Why transparency is critical to your open source project's security
By Ana Jimenez
A community's health and transparency are good measures of a project's security.
The Biden Administration's recent executive order on cybersecurity aims to improve security assurance and the use of best practices. Transparency and project health are two factors that help to support security across the entire software industry—especially now.
Software security is now open source software security
Because 92% of modern applications contain open source components, improving software security generally means improving open source software security.
According to the Biden executive order:
"The trust we place in our digital infrastructure should be proportional to how trustworthy and transparent that infrastructure is."
Transparency is a cornerstone of security assurance because it helps establish trust and confidence in the technology. Indeed, without transparency, trust and security evaporate. Therefore, one of the ways we can help improve security is by enhancing the transparency of our projects.
Transparency through open source can provide information about a project that allows users to assess its health in at least two ways:
- Cross-community environments: Cross-team and community collaboration are keys to meeting constantly evolving security, privacy, and safety standards. Security is a complex process involving multiple teams across a single organization and multiple organizations (i.e., cross-community), given its open source nature.
- Public disclosure: Transparency also enables organizations to quickly build and issue public security reports to identify potential threats and vulnerabilities.
How to measure transparency to achieve security assurance
Open source should be in the DNA of every modern organization that wants to achieve a high level of transparency. However, transparency involves more than simply allowing access to code, products, designs, services, or APIs. Transparency is a commitment to total clarity.

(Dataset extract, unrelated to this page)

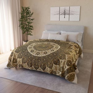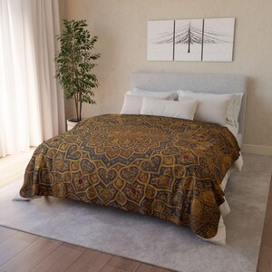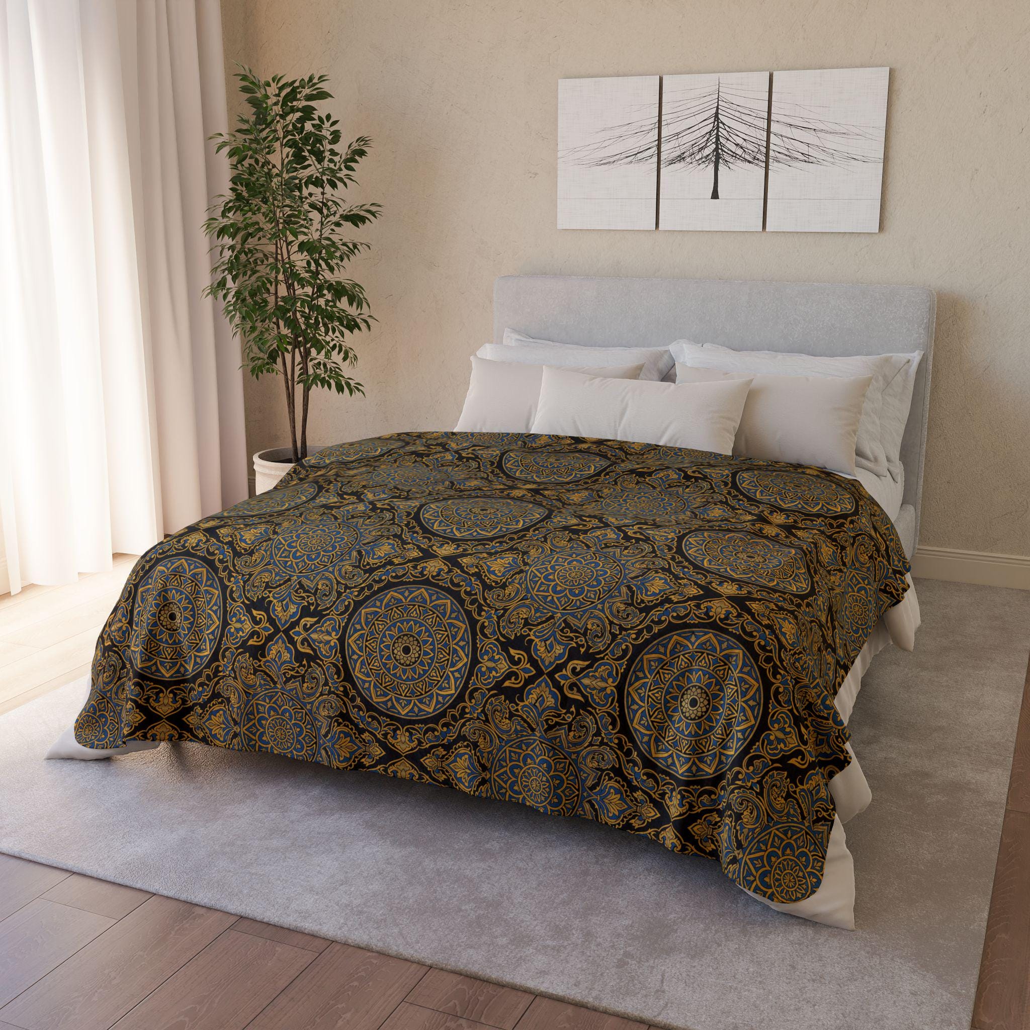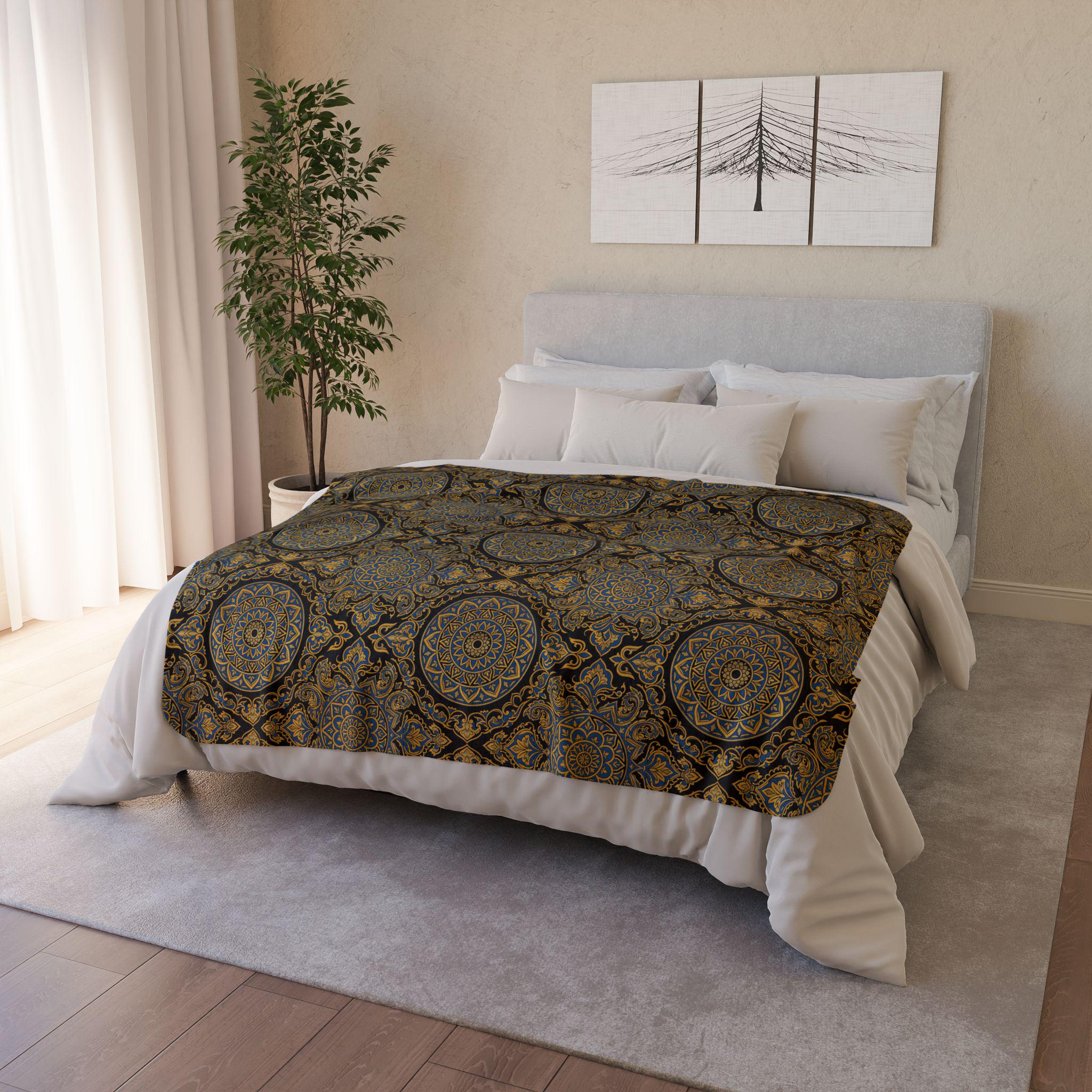 The design features an intricate Mughal mandala pattern, radiating with burnished golds and deep azures against a dark background. It offers the visual depth of a woven tapestry with the modern comfort of high-performance bedding. The dual-texture design features a smooth, vibrant print on one side and a fluffy, cloud-like Sherpa lining on the other.

Open source has evolved into a complex ecosystem of projects and organizations with different kinds of relationships. Open source program offices (OSPOs) enable companies, public institutions, governments, and other organizations to keep tabs on the size and health of their open source ecosystems. They take care of not only the projects the organization is using but also the ones it's releasing or contributing to.
One of the ways to measure transparency across open source ecosystems is by assessing the answers to the following questions about a community's health:
- How many maintainers are needed to keep the project sustainable? The Bus Factor is a way to determine how many contributors a project can lose before it stalls. The metric (which hypothesizes what would happen if certain contributors got run over by a bus) calculates the smallest number of people who make 50% of contributions and visualizes the answer.
- Who are the core developers? The Onion Model is an approach to identifying the most committed developers and the ones the project relies upon most.
- What organizations are involved in the software development process? In addition to analyzing the number of companies whose employees make commits, issues, or code contributions, the Elephant Factor determines the minimum number of companies doing half of the work.
- Does the software have security certifications? Possessing well-known security certifications, such as the Core Infrastructure Initiative Best Practices Badge, indicates that open source projects follow best practices and meet required certification criteria.
- How active is the community? There are various ways to assess whether a community is active. One way is to look at the community's reaction speed, including how fast issues are resolved vs. how many are ignored.
Most of these questions are part of the CHAOSS metrics definition. Community Health Analytics Open Source Software (CHAOSS) is a Linux Foundation project focused on creating a standard set of metrics and software to help define open source community health. Its GrimoireLab tool makes it easier for projects to analyze and report their community health metrics.
Open source software took over the world a long time ago. The Biden administration's new executive order is another reason to take the open source ecosystem seriously, as both public entities and private companies rely upon it. But open source innovation has a unique methodology that doesn't follow traditional business processes. Using open source involves investing in OSPOs and measuring transparency by looking at a project's health based on its activity to achieve the required security assurance.